Ce qui l’est beaucoup moins, c’est l’état dégradé de nos hôpitaux qui vont de mal en pis par l’entière faute de nos gouvernants qui détruisent littéralement le bel outil que nous avions. Ces mêmes gouvernants tirent profit de cette dégradation, de l’intolérance de ces institution aux augmentations d’occupation, si minimes soient-elles, pour, par la peur, l’angoisse, la discrimination et parfois la haine, accentuer le contrôle social des populations. Pas beau à voir.
Il y a cependant un bémol. Le fait que les vaccinés se retrouvent de plus en plus nombreux dans les « cas » (relativement à la couverture vaccinale, autant que les non-vaccinés, si pas plus, et cela s’accentue), mais aussi majoritairement, en hospitalisation, à l’USI ou en décès, n’est pas une bonne nouvelle. Si effet il y a d’une troisième dose, actuellement elle est plutôt invisible.
Bien que le variant omicron ait pris pied dans notre pays (actuellement environ 9 % des séquençages), cela ne devrait pas modifier le constat.
La mortalité générale (toutes causes) reste basse, un peu supérieure à l'attendu, probablement causée par une poussée grippale à caractère épidémique, ni plus ni moins, comme je le soulignais dans l'introduction. Il n’y a aucune poussée épidémique covid actuelle (la mortalité est un critère majeur permettant d’affirmer une poussée épidémique). Tous les indicateurs "covid" sont en décroissance.
Tous ces éléments étaient parfaitement visibles avant les décisions non-sens de nos gouvernants. Bref c’est de la basse et lamentable politique, car au grand jamais elle n’a de signification sanitaire, au contraire, elle aggrave.
Quel avenir ? Nous ne le connaissons pas, mais l'expérience nous apprend que plus ce virus mute, moins il est agressif. Les vaccins normaux devraient être disponible dès le mois d'avril. L'Europe en a déjà acheté de gros paquets. C'est une réponse utile d'autant que les vaccins-thérapies géniques monoclonaux, dangereux pour la santé, montrent actuellement leur limite et pas qu'un peu.
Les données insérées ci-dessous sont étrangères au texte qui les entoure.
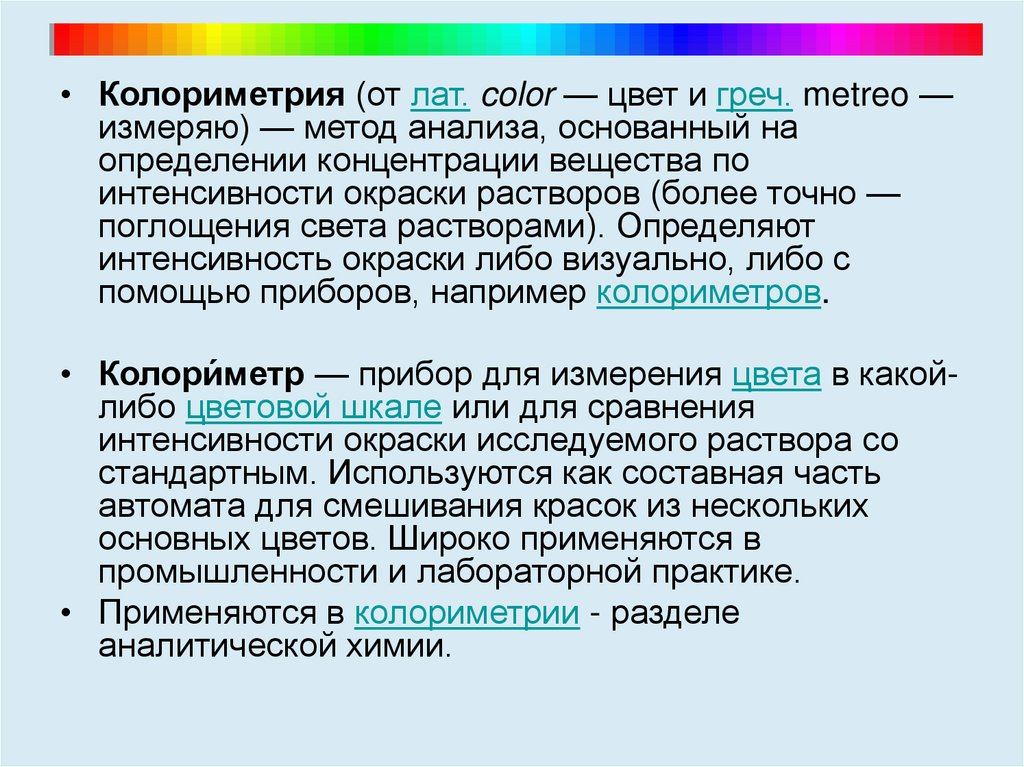 • Колориметрия (от лат. color — цвет и греч. metreo —измеряю) — метод анализа, основанный на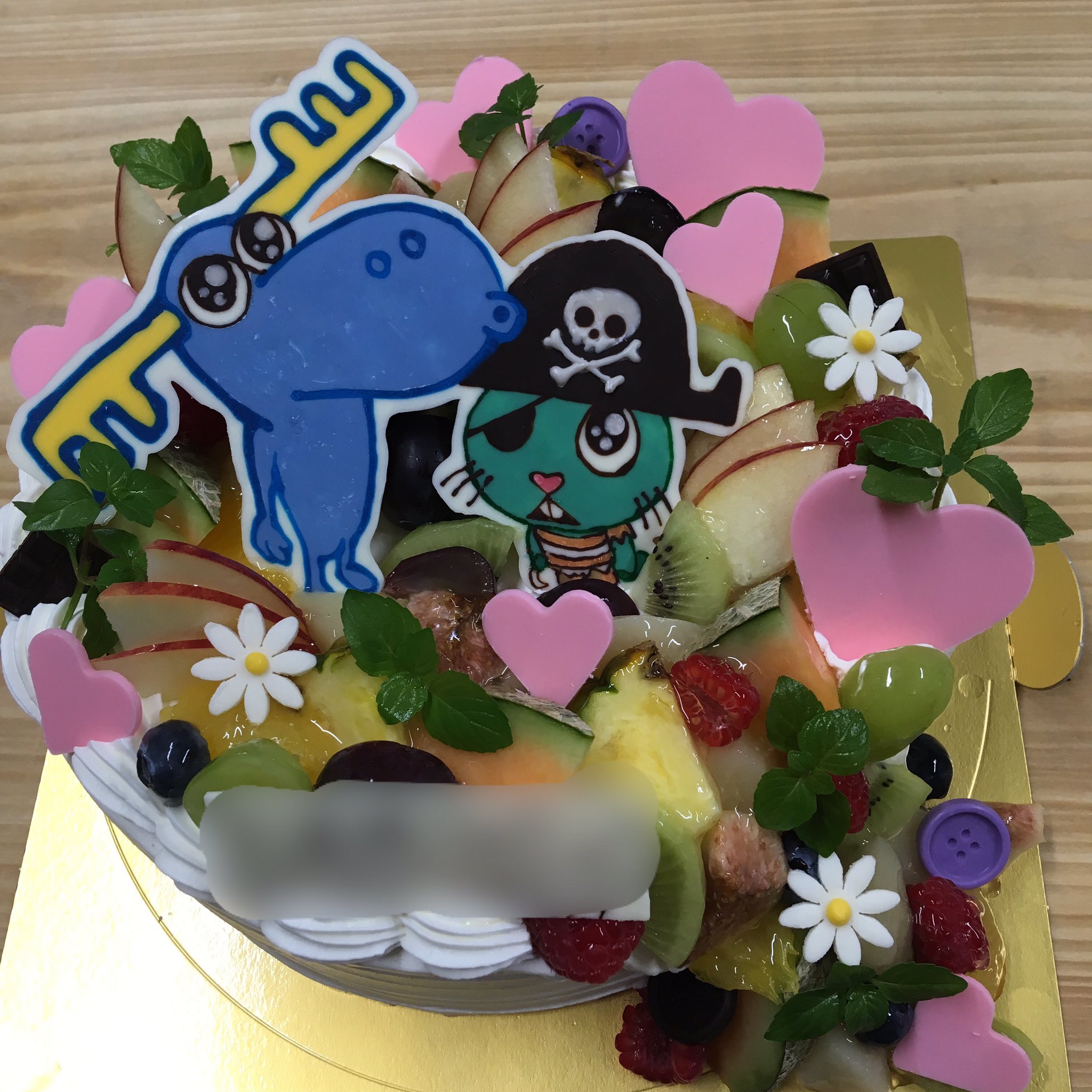 菓子工房シュクルリ 本日の特注ケーキ ハッピーツリーフレンズより ランピーとフリッピー 可愛いバージョン のイラストケーキ 7号 F21cm の大きなケーキに溢れるフルーツ盛りで グロくない可愛いタイプのハピツリイラストでした お誕生日

L'infection ancienne donne une immunité de longue durée, qui décroît cependant avec le temps. On peut penser, comme la grippe, qu'un vaccin (normal) de rappel, avec la saison froide, serait utile.
Mais le plus important, ce sont les traitements précoces, efficaces et peu chers, dès les premiers signes.
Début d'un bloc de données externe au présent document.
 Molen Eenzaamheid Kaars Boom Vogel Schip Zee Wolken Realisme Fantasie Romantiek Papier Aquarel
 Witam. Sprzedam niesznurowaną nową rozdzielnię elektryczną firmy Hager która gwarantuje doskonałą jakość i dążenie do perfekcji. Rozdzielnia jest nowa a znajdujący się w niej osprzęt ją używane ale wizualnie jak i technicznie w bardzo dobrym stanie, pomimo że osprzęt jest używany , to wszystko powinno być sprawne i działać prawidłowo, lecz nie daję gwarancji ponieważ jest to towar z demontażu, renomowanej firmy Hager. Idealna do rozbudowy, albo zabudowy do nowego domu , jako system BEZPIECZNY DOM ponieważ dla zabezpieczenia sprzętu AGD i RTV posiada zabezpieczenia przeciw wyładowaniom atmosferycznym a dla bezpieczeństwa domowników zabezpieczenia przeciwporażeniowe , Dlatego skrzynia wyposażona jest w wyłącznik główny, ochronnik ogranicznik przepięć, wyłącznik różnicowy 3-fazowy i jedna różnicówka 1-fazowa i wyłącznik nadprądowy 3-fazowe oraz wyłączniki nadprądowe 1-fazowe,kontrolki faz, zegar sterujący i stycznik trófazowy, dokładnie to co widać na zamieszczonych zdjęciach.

Quant aux masques et vaccins pour nos enfants, honte à nos gouvernants. Ils abîment notre jeunesse, pour maintenir leur "récit" de la peur, discriminatoire, parfois haineux, qui est scientifiquement faux.
La conclusion est dès lors toujours simple, globalement c'est un constat de ‘bonne santé’ sous la réserve d’une fragilité accrue des vaccinés face au covid qu’il devient urgent d’investiguer honnêtement.